Turtle Valley by G. Anderson-Dargatz

Gail Anderson-Dargatz’ latest novel Turtle Valley reminded me of Sheila Watson’s The Double Hook. No small words are these. Though their books remain worlds apart in sensibility and accessibility, Anderson-Dargatz writes similarly to Watson of desperately stunted people rendered smaller amidst a harsh and aggressive environment. She evokes the same ghostly presences, ambiguous in their nature, and she can also write downright spooky. Anderson-Dargatz’ book has far more popular appeal than Watson’s, but she practices the same art of witholding, letting what can be sensed tell the story. A quick internet search reveals that Anderson-Dargatz has been inextricably stuck with the tag Northwest Pacific Gothic, which is dramatic but makes sense to me. In tone I found Turtle Valley was also reminiscent of Eden Robinson’s Monkey Beach.
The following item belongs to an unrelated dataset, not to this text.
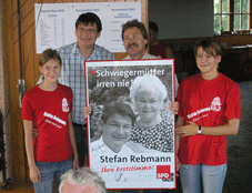 Als einen Höhepunkt der Veranstaltung versteigerte Rebmann ein Wahlplakat, das ihn mit seiner Schwiegermutter zeigt. Slogan: „Schwiegermütter irren nie“. Das Besondere: Das Plakat ist signiert von sämtlichen SPD Größen wie Gerhard Schröder, Wolfgang Thierse, Franz Müntefering bis hin zu Anke Fuchs und Klaus Wowereit. Die 160 Euro, die der neue Besitzer Bürgermeister Greiner geboten hat, kommen einem sozialen Zweck zugute.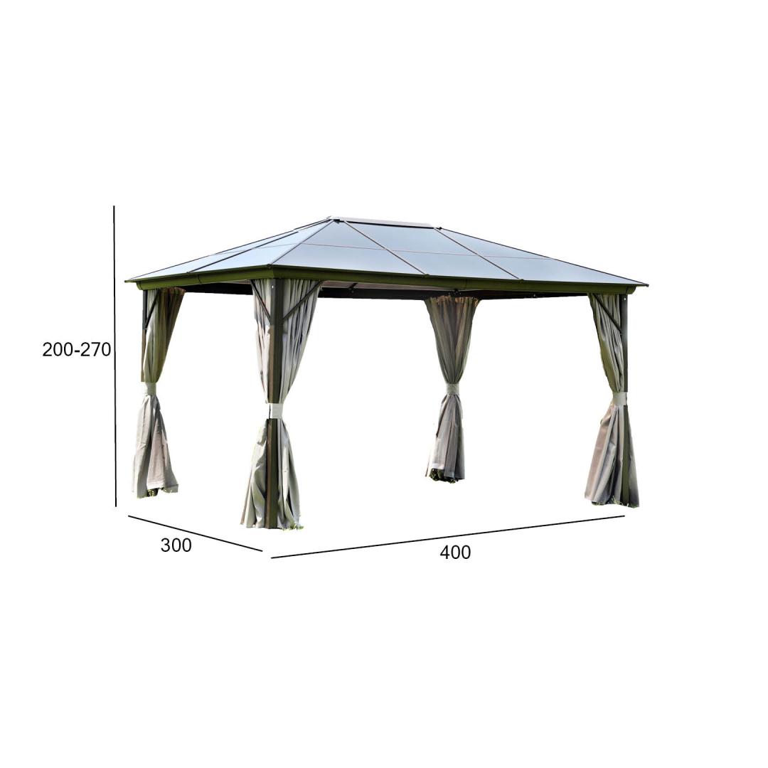 Katos SUNSET 3x4xH2/2,7m, ruskea/beige. Tyylikäs ja toimiva markiisi/katos, joka tarjoaa suojaa ja varjoa kevyeltä sateelta ja paahtavalta auringolta, jolloin voit nauttia ulkoilmasta säästä ja vuorokaudenajasta riippumatta. Markiisin kaikilla sivuilla on polyesterikangasverhot (180 g/m²) ja nailonista valmistetut hyttysverkot, jotka sulkeutuvat lukolla. Markiisin päärakenne on valmistettu alumiinista. Kaikki rungon osat on viimeistelty ruskealla pulverimaalilla. Sivutolppien mitat ovat 76x76mm, poikkipalkin 116x76mm ja kattokylkien 29x26mm. Kattopaneelit: 6mm polykarbonaattia tai laminoitua muovia. Polykarbonaatti on säänkestävä, ympäristöystävällinen materiaali, joka tarjoaa ainutlaatuisen yhdistelmän kestävyyttä ja erinomaista iskunkestävyyttä. Materiaalilla on myös hyvä valonläpäisykyky ja korkea lämmönkestävyys. VAROITUS: Äärimmäisissä sääolosuhteissa tai myrskyvaroituksen sattuessa älä jätä katosta ilman valvontaa. Kova tuuli, sade tai lumi voi vahingoittaa katosta. HUOLTO: Markiisin käyttöiän pidentämiseksi on suositeltavaa, että se puretaan kesäkauden lopussa ja säilytetään viileässä, kuivassa ja hyvin tuuletetussa tilassa. Jos katos jätetään talveksi pystyyn, on huolehdittava siitä, ettei katolle kerry liikaa lunta. Poista kertynyt lumi mahdollisimman pian. Poista hyttysverkot ja verhot kesäkauden lopussa. Puhdista ja kuivaa verhot ennen niiden varastointia.

I’ve not read Gail Anderson-Dargatz’ earlier novels A Cure for Death by Lightning or A Recipe for Bees, but I do know that Turtle Valley is a descendent of the former. Beth Weeks’ daughter Kat is the subject of this new book, which takes place against the backdrop of a mass evacuation due to forest fire in BC’s interior. Kat has come with her husband and son to help her parents clear out their home before the fire comes down into their valley, and in the course of sorting through her parents’ accumulations, she discovers things about her family’s past that she never knew. History is thus disturbed, but Kat’s present is also in need of sorting, as she struggles in her relationship to husband Ezra who has become a different person since his stroke. To complicate matters further, she finds herself having feelings once again for a man from her past.

The fire metaphors are hard to resist: rekindling, old flame. Fire is pervasive throughout the text, and provides perfect imagery– particularly at the book’s conclusion. Anderson-Dargatz’ writing is strong, absolutely beautiful in spots. Her treatment of everyday objects is particularly admirable, and underlined by the photos of said objects accompanying each chapter, showing the reverence with which simple things can be treated, and the meaning that is invested in them with time. To understand Kat and her family’s history through these things is a fascinating process, and yet in the end something about it troubled me. The same thing that troubles me with any narrative in which a character finds a box of stuff that tells her all the answers. Now Kat is certainly in need of clues– her mother is entering the initial stages of dementia, her father is terminally ill– but somehow it seems too easy for her to assemble stories of such gravity. Tidiness is perhaps my most frequent gripe with fiction, and I was disappointed to have to call it here, however slightly, for a book I enjoyed so much otherwise.